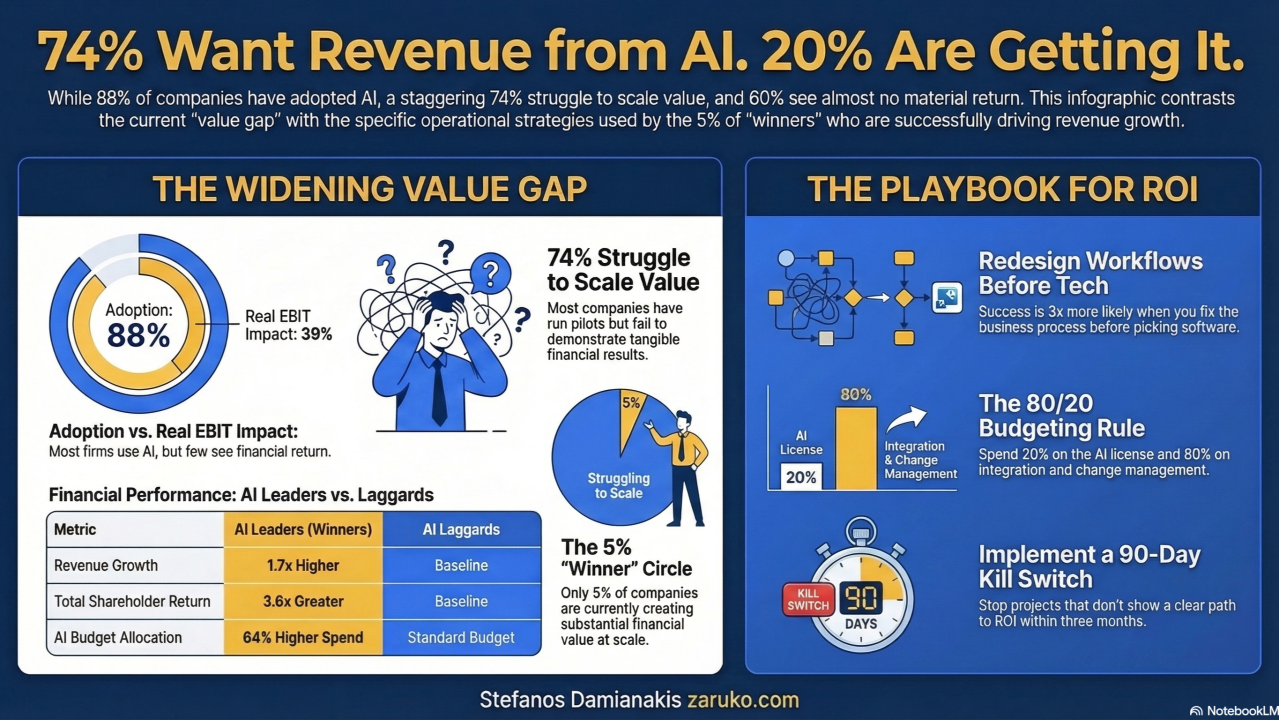 The 74/20 split in AI returns is not a technology failure but an organizational design and strategic orientation failure. The AI tools available to the leading 20% of companies are largely the same tools available to everyone else. What differs is whether those tools are pointed at operational efficiency, which many organizations share, or at growth and business model reinvention, which the majority have not yet attempted.
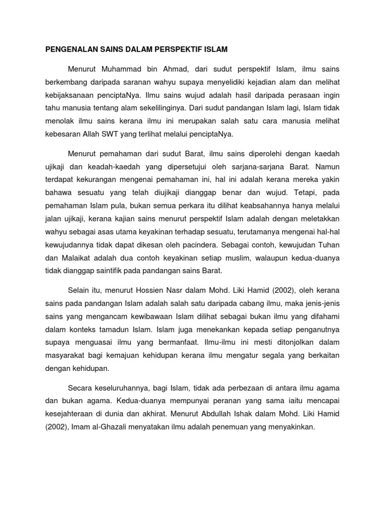 Hubungan Islam Dengan Sains Dan Teknologi Ditulis Oleh Abu Bakar Bin Yang Posted In
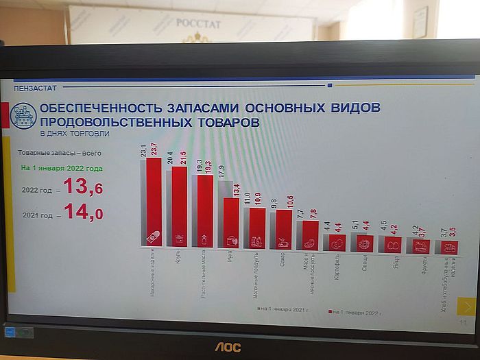 Самые большие запасы, по состоянию на 1 января 2022 года, созданы в регионе по макаронным изделиям (23,7 дня), крупам (21,5 дня), растительным маслам (19,3 дня). Относительно малые запасы имеются по яйцам (4,2 дня), фруктам (3,7 дня), хлебу и хлебобулочным изделиям (3,5 дня).
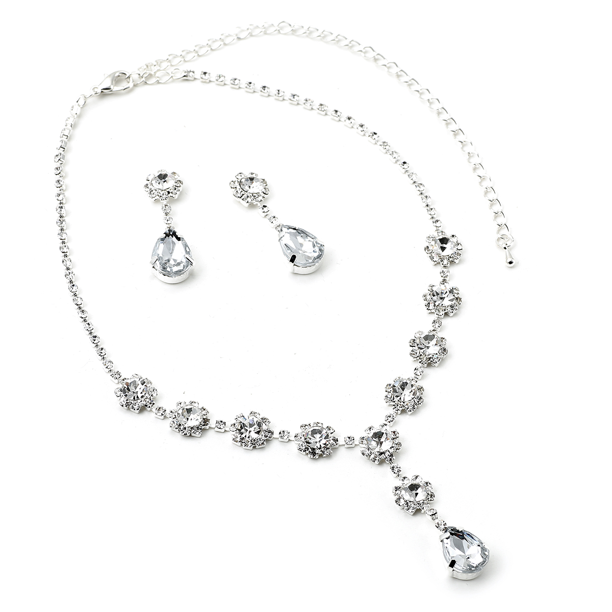 Silver Crystal Rhinestone Bridal Wedding Party Teardrop Shaped Dangle Earrings & Flower Shaped Tie Y Type Necklace Jewelry Set

•••••

:: Task ::
Output the data exactly, pictures omitted.

:: Answer to the problem ::
 The 74/20 split in AI returns is not a technology failure but an organizational design and strategic orientation failure. The AI tools available to the leading 20% of companies are largely the same tools available to everyone else. What differs is whether those tools are pointed at operational efficiency, which many organizations share, or at growth and business model reinvention, which the majority have not yet attempted.
 Hubungan Islam Dengan Sains Dan Teknologi Ditulis Oleh Abu Bakar Bin Yang Posted In
 Самые большие запасы, по состоянию на 1 января 2022 года, созданы в регионе по макаронным изделиям (23,7 дня), крупам (21,5 дня), растительным маслам (19,3 дня). Относительно малые запасы имеются по яйцам (4,2 дня), фруктам (3,7 дня), хлебу и хлебобулочным изделиям (3,5 дня).
 Silver Crystal Rhinestone Bridal Wedding Party Teardrop Shaped Dangle Earrings & Flower Shaped Tie Y Type Necklace Jewelry Set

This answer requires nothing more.